Reduce the following Boolean equation.

[shamieh]

Is this correct?

The following Boolean equation can be reduced any farther than it already is? Write out the simplified formula.

\(\displaystyle $f$(w,x,y,z) = (x + z) * (x + \bar{z}) * (x + \bar{y})\)

My answer: \(\displaystyle (x)(\bar{y})\) ?

 

[Evgeny.Makarov]

\(\displaystyle $f$(w,x,y,z) = (x + z) * (x + \bar{z}) * (x + \bar{y})\)

My answer: \(\displaystyle (x)(\bar{y})\) ?

No, the first expression is true when x = y = z = 1, but the second expression is false.
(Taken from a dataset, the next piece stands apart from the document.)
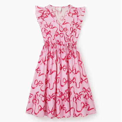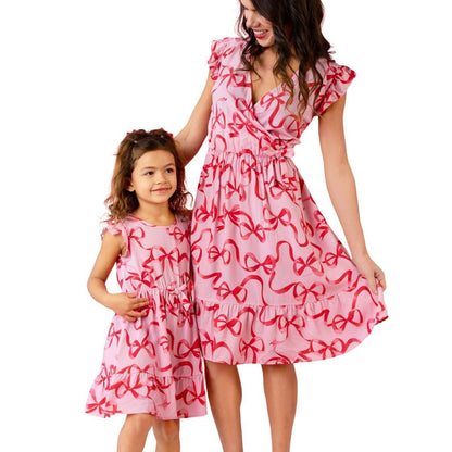 Nombre del artículo: Vestido con cintura elástica y mangas con volantes y lazo rojo para mamá y yo Tipo de producto: Vestido para mamá y yo; Vestido de Pascua para mamá y yo; Vestido para hermanos; Categoría de producto:Vestido a juego familiar > Vestido para mamá y yo; Material: poliéster; Color: Rojo; Largo: Vestido midi; Vestido hasta la rodilla; Patrón de estilo: Vestido sin mangas con volantes y estampado de lazo rojo; Vestido con cintura elástica; Cuello redondo; Día de San Valentín; Ambiente festivo; Temporada: Primavera, Verano; Vestido para invitada de boda; Día de San Valentín;

We have\[\begin{align*}(x + z)(x + \bar{z})(x + \bar{y}) &= (x+z\bar{z})(x+\bar{y})&& \text{by distributivity of disjunction over conjunction}\\ &=x(x+\bar{y})&& \text{since }z\bar{z}=0\\ &=x+x\bar{y}&& \text{by distributivity of conjunction over disjunction}\\ &=x(1+\bar{y})&&\text{since } x=x\cdot1\\ &=x\cdot1&&\text{since }1+\bar{y}=1\\ &=x\end{align*}\]

 

[shamieh]

When you say

\(\displaystyle (x + z)(x + \bar{z})(x + \bar{y}) = (x + z\bar{z})(x + \bar{y}) \)

<-- How are you getting this result? I am confused.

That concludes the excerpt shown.